Даша Д. : Какая разница?
10:40 10-12-2013
Я не спала всю ночь, а когда уснула, ближе к утру, мне снился Илюша. Он наступил на осколок зеркала в моём коридоре, истекал кровью, пока мы с Д. валялись на диване в комнате. Кровь била фонтаном из его рта и ноздрей, я не знаю, как это связано с осколком, мои сны обычно нелогичны и абсурдны. Я обнимала Д., мы смеялись и болтали, пока её муж умирал. Потом я вышла, взяла его руку в свою. Пульса не было. Он не дышал и не двигался. Пол был липкий, в густых черных разводах, я брезгливо топталась у его тела. Пахло ночью и смертью, и стало жутко, но дороги назад не было.
- Он мертв, - сказала я Д.
Та только пожала плечами.
Меня разбудили крики. Пятый канал транслировал бойню на Майдане. Около четырех часов подразделение Беркута дружно ебашило дубинками полусонных активистов мирной акции. Я забыла выключить телевизор и закрыть окно. Жизнь ворвалась в комнату, вялая и уставшая. Проскрипел первый троллейбус, передачу оборвала реклама подгузников Хаггис. Я набрала Д., на время не обратила внимание.

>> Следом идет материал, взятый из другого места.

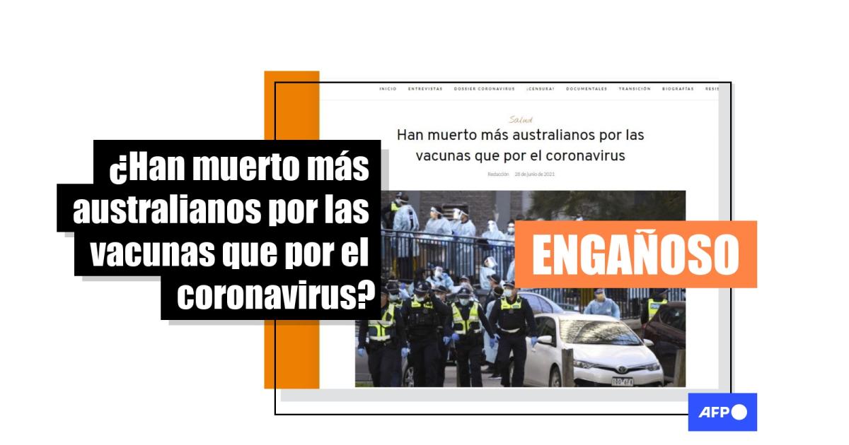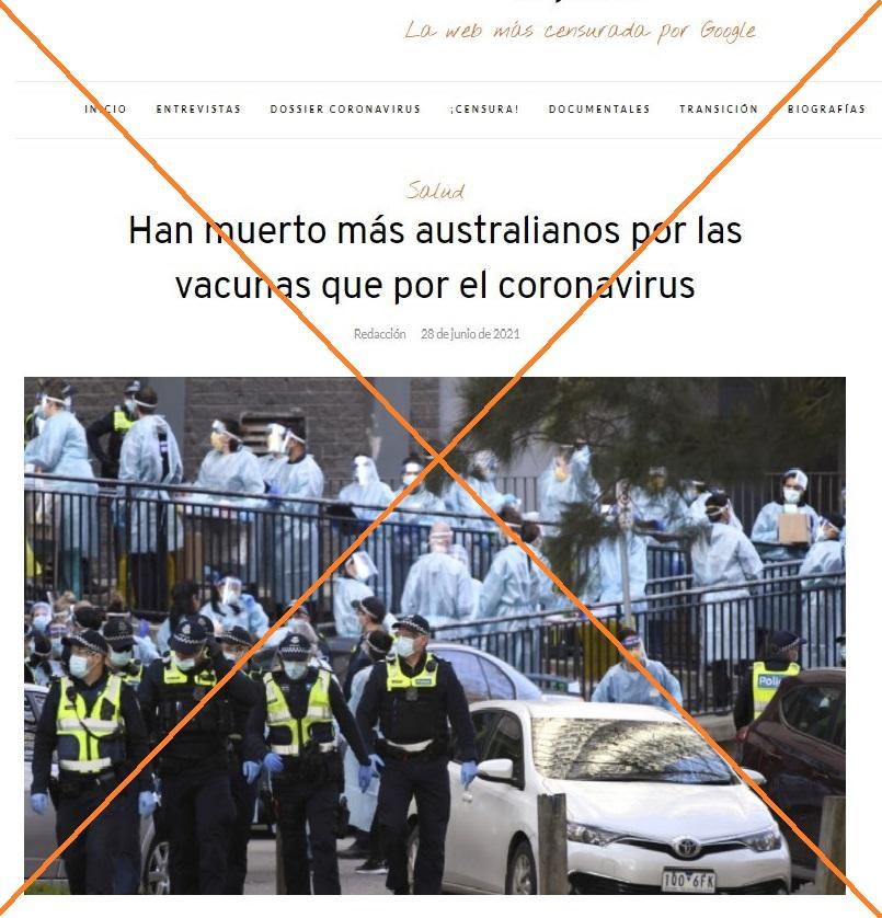 “En Australia tampoco ha habido ninguna pandemia”, señala esta página, citada en otra publicación, a su vez compartida en Telegram, donde fue vista por más de 54.000 usuarios. Los titulares de las dos webs son: “Han muerto más australianos por las vacunas que por el coronavirus” y “Mueren más australianos por las vacunas que por el coronavirus”.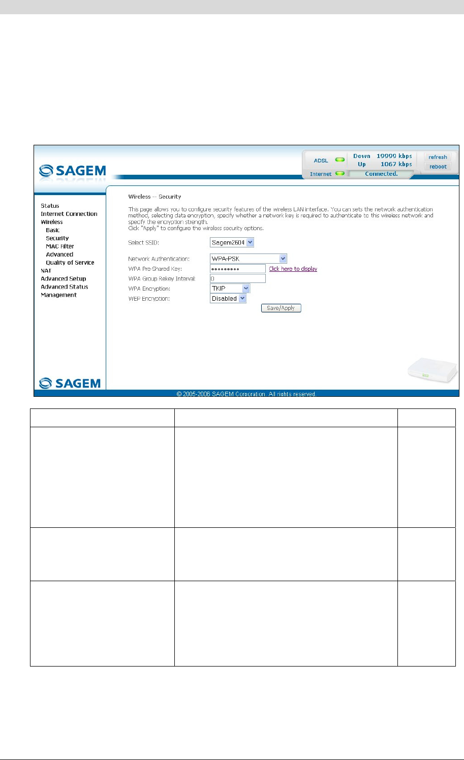 • Select the "WPA-PSK" security from the scroll down list; the following screen appears: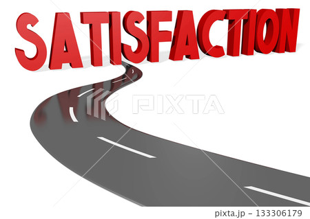 Satisfaction - road and red word on white background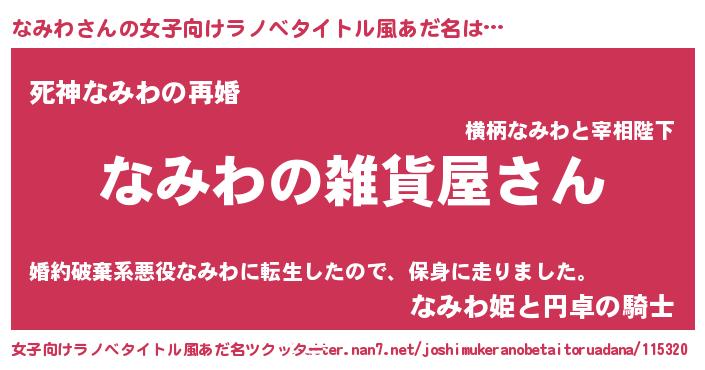 | 男性向けラノベタイトル風あだ名 | 『やはりなみわの青春ラブコメはまちがっている 』 |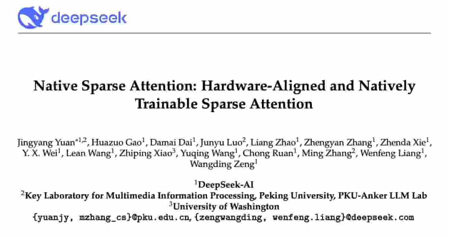 DeepSeek发布NSA技术,硬件对齐稀疏注意力加速推理降成本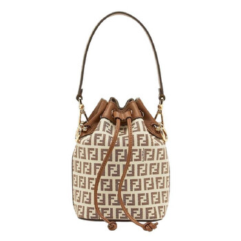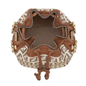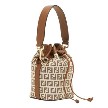Fendi Ladies Bucket Bag. Mon Tresor series. SKU: 8BS010ARBNF1NXB. Color: Brown. Size: 7.09"x4.72"x3.94". Fendi Ff Logo Pattern Mon Tresor Bucket Bag. This Bucket Bag features a drawstring top closure, a top handle, a single interior compartment and a detachable shoulder strap. 34% Cotton, 12% Polyester, 27% Polyamide, 27% Polyurethane, 100% Calf Leather. Made In Italy.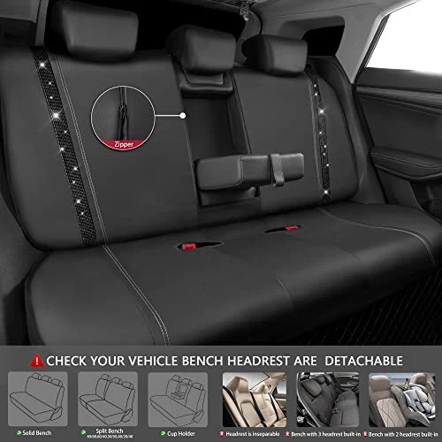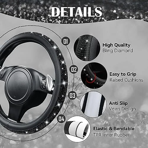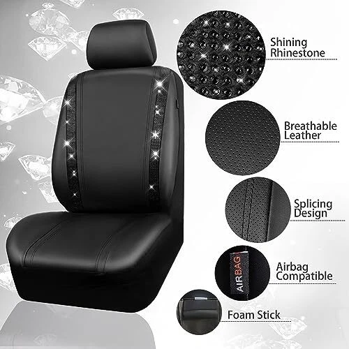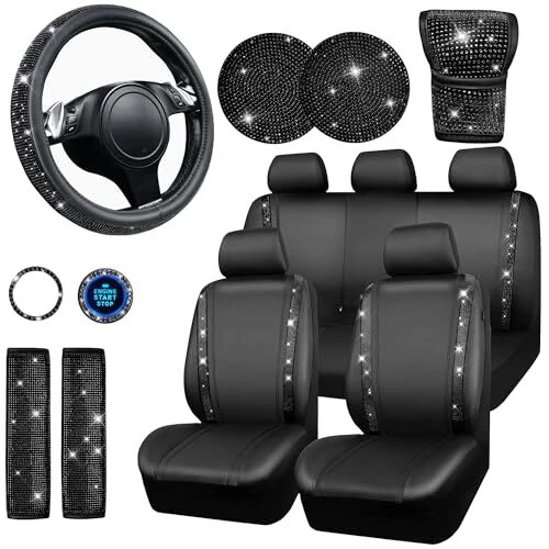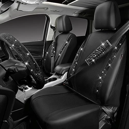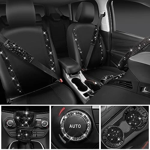 Return Policy Fast Delivery Trusted seller Leather Diamond Bling Seat Covers Full Sets 16 pcs, Bling Car Accessories Set for Women, Sparkly Rhinestone Steering Wheel Cover, Glitter Cute Car Interior Sets for Women Girl, Black Diamond Product Description BLING DIAMOND DESIGN: The bling auto accessories set is designed by real cars and models, and the Bling diamond car kit can perfectly fit 95% of the models on the market. It's the perfect car decoration, perfect for Valentine's Day, birthdays, or a surprise gift for family, friends and colleagues. HIGH-QUALITY MATERIAL: Gorgeous steering wheel flash cover to improve the appearance of steering wheel and interior, diamond seat belt cover to protect your driving safety, two diamond silicone coasters can make the cup holder no longer dirty, diamond Seat Belt Cushion give you a different feel, the full interior will be sparkling and eye-catching in the car. EASY TO INSTALL: Universal sizes Fits most cars. 16 pcs fit most full-size trucks and SUVs, or oversized cars. The Leather diamond front seat cover and rear seat covers made of premium Leather with pretty white rhinestones made. The steering wheel cover can be straightened about 14-15.5 inch in diameter, the coaster diameter is about 2.7 inches, the shoulder straps are about 9.2 x 2.3 inches, the ring is about 1.6 inches, the gear cover is about 5 x 3 inches. SUPER VALUE PACKAGE: Pack includes 16 Pcs: Two front seat covers, back seat covers, Two seat hats, 1 Diamond Steering Wheel Cover, 1 Diamond Gear Cover, 2 Diamond Seat Belt Covers, 1 Bling One Button Start Rings, 2 Diamond Cup Holder Coasters. Simple and fashionable design, diamond decoration. Flashing under the light and through the windshield makes your car unique and charming. EXCELLENT SERVICE: Our Brand is and we offer high quality CAR STEERING WHEEL COVER, Car Floor Mats, Car seat covers, and other car accessories set. We put product quality and your trust first. We do our best to provide you with quality service. Shipping Returns Payment Shipping Shipping is FREE to all addresses other than APO/PO boxes in the lower 48 states. All our stock ships from US-based warehouses. Shipped via USPS or UPS (depending on location and package weight) Unless stated otherwise, all orders will ship within 24-72 hours of your payment being processed. Check our feedback to see the great reviews of FAST shipping we offer. Returns Seller does not accept returns Payment We currently accept payment via eBay managed payments only. Once payment is cleared, we will dispatch your shipment within 1-3 business days. Please refer to the "Shipping" tab for more information regarding shipping speed to your destination.

- Какого хуя? - это вместо приветствия.
- А ты детей хочешь? - спросила я у неё сходу. Я была такая же сонная и разбитая, и голос мой дрожал и срывался.
- Дашка, ты под чем?
- Я под одеялом. А где твой жирный?
- Илья? Он на работе. А что? что-то случилось?
Дверь она мне открыла опухшая и заплаканная. Тот же сюжет показывал её плазменный экран на кухне. Крики не прекращались, камера наезжала на окровавленные флаги и разбитые головы. А вокруг - тишина, улицы пустые и серые, людей нет, транспорт ходит кое-как.
- Родная, да ничего с ним не случится, - успокаиваю её.
- У него телефон выключен. Да и не в этом дело.
- Совесть мучает? - спрашиваю понимающе. На самом деле Илюша мне противен. И как человек он говно, ещё и мент.
- Ага. Так стыдно, Дашка. Даже если его там нет, все равно стыдно. Покурим?
Я киваю, кухню заполняет дым ментоловых сигарет. Д. поставила чайник, включила вытяжку и щелкнула кнопкой на пульте. Стало совсем тихо и грустно. Одинокие кузьмичи выгуливали собак во дворе, туман пробирался под их поднятые воротники, щупал пальцами шеи и лица. Спать хотелось ужасно, глаза слезились то ли от табачного дыма, то ли от обиды. Утро навалилось своим тяжелым телом на наши полуразрушенные домики и дороги.
- А пошли гулять? - говорю ей, осторожно отпивая горячий кофе, - че дома сидеть.
- Ты с ума сошла? Нельзя.
- Да ладно, там уже все закончилось. Людей разогнали. Злые менты ушли спать. И твой скоро вернется, а я его видеть не хочу. Погнали.
Д. ломалась. Что-то говорила о том, что муж ей запретил выходить из дому. Я настаивала, уговаривала двоюродную сестру, тащила за руку в прихожую, почти насильно упаковала её тощее тельце в пуховик. И она сломалась. Согласилась, обулась, подождала, пока я зашнурую ботинки и мы вышли.
- Смотри, - я вытащила из внутреннего кармана куртки бутылку травяной настойки, - это я у вас в баре нашла.
- А я даже не заметила...- пробурчала Д.
И мы пили прямо из горла, идя по тротуару. Нам сигналили одинокие машины, подмигивали фарами. Наверное, в знак солидарности. Водители не знали, что мы не с ними. В лучшем случае мы отдельно, по ту сторону добра и зла, вне хоровода вокруг этой кровавой елки. А в худшем - и этот вариант подходит больше - Д. живет с человеком, который не может обсуждать приказы и отойти в сторону.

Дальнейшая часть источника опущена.